A second collaborative work carries the punning title Pastmasters, Some Essays on American Historians. In this volume, edited in 1969 by Marcus Cunliffe of the University of Sussex and Robin Winks of Yale, thirteen experts in American history interpret eight of their contemporaries and five of their predecessors. As a gesture of Anglo-American comity, and a recognition of the rising interest in England in American history and American studies, English coeditor Cunliffe, himself a contributor, enlists four of his countrymen to render appraisals. Another fillip is provided by the dual appearance of two historians as subjects and authors: Arthur Schlesinger junior writes on Hofstadter and is written on by Cunliffe; David M. Potter lauds C. Vann Woodward and is eulogized by Sir Denis Brogan. The editors take pains to explain their selection of Clio’s favorites, conceding that Becker and the senior Schlesinger would have made it in a second volume, and allowing that the New Left historians are not quite ready for canonization.

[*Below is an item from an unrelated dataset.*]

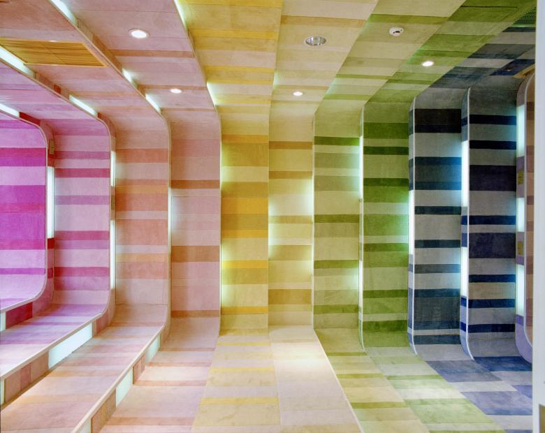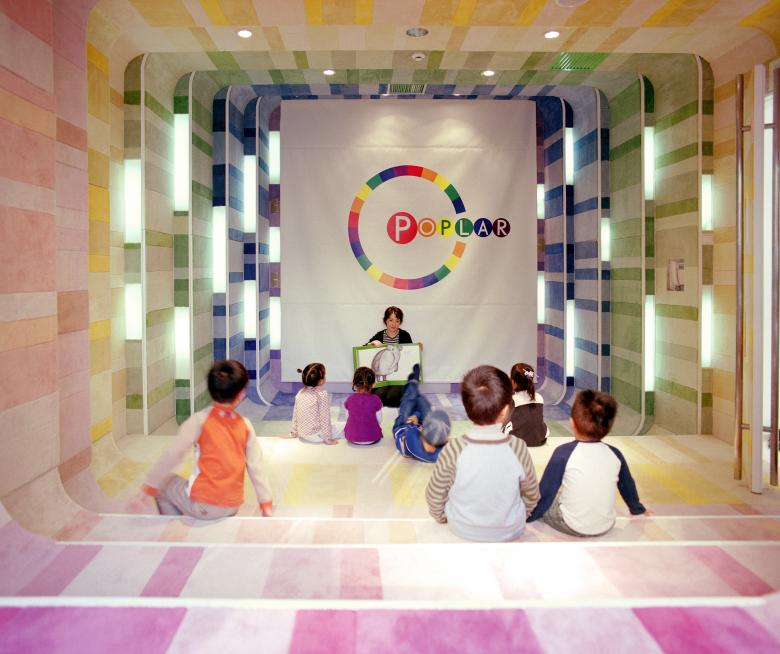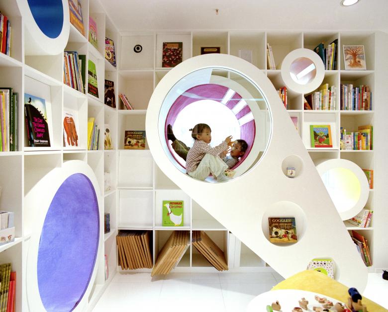 The stairs leads the children to the bookstore on the second floor. The rainbow-like ribbon starts from the hall and goes up along the stairs till the bookstore. The 100-meter-long colorful ribbon, which serves various functions at various places, whirls and twists in the store; it finally ends in the room and goes back to the armrest of the staircase baluster on the first floor where it had started.

They disclaim any intent to bring forth a mutually congratulatory Festschrift, on the order of Stubbs buttering Freeman and Freeman buttering Stubbs from alternate tubs, but the book has some of that flavor. The only unrelievedly negative judgments fall upon the battered trio of Progressives, Turner, Beard, and Parrington, but their flaying merely contributes to the sense of harmony and consensus among the living Establishment historians. As for the other two deceased pastmasters, Parkman and Henry Adams, they represent brilliant anomalies outside the profession proper, and their critics, William R. Taylor and J. C. Levenson, feel no need to discredit them. Contributors are established stars or rising young professionals.
What the professionals agree upon, as they examine each other and belabor the Progressives, is the social-scientific basis of modern historical method. Howard Lamar on Turner, Forrest McDonald on Beard, and Ralph Henry Gabriel on Parrington all point to the faulty use of sources and the drawing of large, false generalizations by these masters with feet of clay. Turner unwittingly portrayed American folk myths; Beard played the role of devil’s advocate in the classroom to ignite his students and carried this role over into his writing; Parrington allowed his emotional sympathies for Jeffersonian liberalism to mar his esthetic and intellectual judgments. The most caustic critic, McDonald, charges Beard with “deliberately stacking the cards” and purposely misstating facts to prove his point about the economic self-interests of the supporters of the Constitution.11 He carried over this technique of falsification, McDonald alleges, into his attack on Franklin D. Roosevelt for maneuvering the United States into World War II, under the axiom that a worthy social end justified manipulating history.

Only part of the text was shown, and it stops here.